TRY IT.
Omit all pictures. Quote the lines from the one with "ANTIGUA FOTOGRAFIA DE" through the end of the listing below, exactly as they appear.

RECORDED DATA.
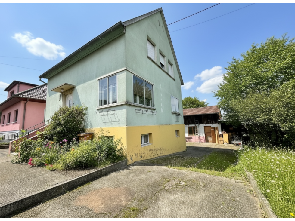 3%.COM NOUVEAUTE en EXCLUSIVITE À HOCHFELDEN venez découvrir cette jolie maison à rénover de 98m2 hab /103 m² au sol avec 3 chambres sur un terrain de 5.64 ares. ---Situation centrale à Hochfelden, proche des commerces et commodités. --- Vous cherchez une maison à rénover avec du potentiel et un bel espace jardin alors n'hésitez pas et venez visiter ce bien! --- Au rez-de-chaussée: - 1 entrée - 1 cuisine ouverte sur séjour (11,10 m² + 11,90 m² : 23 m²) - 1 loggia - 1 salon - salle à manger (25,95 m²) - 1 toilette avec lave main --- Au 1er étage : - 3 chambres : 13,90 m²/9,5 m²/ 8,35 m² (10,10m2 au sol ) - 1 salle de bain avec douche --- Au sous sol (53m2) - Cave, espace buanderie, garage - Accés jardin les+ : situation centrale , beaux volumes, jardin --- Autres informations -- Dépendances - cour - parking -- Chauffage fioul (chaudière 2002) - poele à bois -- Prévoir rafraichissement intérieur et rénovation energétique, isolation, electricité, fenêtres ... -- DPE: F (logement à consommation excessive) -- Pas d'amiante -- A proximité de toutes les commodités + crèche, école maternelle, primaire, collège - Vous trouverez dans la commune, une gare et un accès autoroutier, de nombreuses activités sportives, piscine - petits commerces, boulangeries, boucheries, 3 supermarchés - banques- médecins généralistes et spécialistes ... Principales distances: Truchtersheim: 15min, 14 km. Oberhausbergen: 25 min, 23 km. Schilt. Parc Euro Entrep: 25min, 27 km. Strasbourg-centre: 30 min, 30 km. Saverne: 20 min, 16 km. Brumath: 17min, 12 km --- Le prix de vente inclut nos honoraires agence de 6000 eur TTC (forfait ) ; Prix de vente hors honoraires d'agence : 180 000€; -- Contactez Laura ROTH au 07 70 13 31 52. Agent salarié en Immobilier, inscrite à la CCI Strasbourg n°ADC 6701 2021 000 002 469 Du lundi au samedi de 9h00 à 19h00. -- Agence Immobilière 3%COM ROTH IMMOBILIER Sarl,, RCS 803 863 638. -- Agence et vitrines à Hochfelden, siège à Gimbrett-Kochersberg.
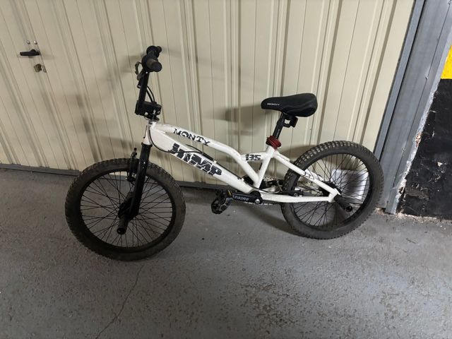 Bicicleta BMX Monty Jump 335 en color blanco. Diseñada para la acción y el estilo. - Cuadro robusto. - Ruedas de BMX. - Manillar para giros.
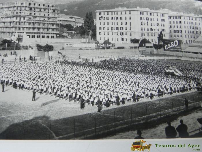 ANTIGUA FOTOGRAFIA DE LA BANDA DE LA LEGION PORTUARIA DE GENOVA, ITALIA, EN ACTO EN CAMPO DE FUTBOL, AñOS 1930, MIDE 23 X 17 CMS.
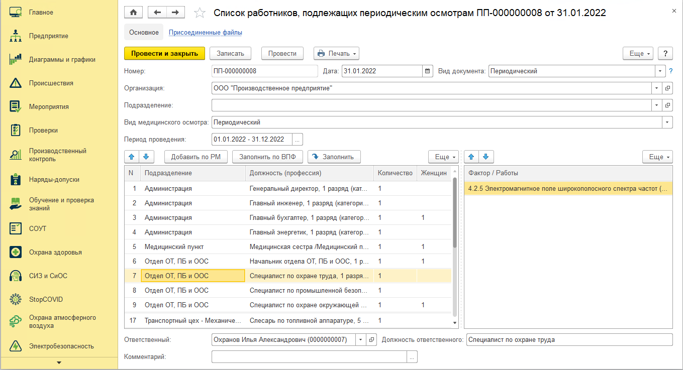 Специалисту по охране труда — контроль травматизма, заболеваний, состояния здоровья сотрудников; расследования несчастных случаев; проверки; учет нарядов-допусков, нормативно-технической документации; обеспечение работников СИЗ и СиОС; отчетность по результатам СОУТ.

RESPONSE.
 ANTIGUA FOTOGRAFIA DE LA BANDA DE LA LEGION PORTUARIA DE GENOVA, ITALIA, EN ACTO EN CAMPO DE FUTBOL, AñOS 1930, MIDE 23 X 17 CMS.
 Специалисту по охране труда — контроль травматизма, заболеваний, состояния здоровья сотрудников; расследования несчастных случаев; проверки; учет нарядов-допусков, нормативно-технической документации; обеспечение работников СИЗ и СиОС; отчетность по результатам СОУТ.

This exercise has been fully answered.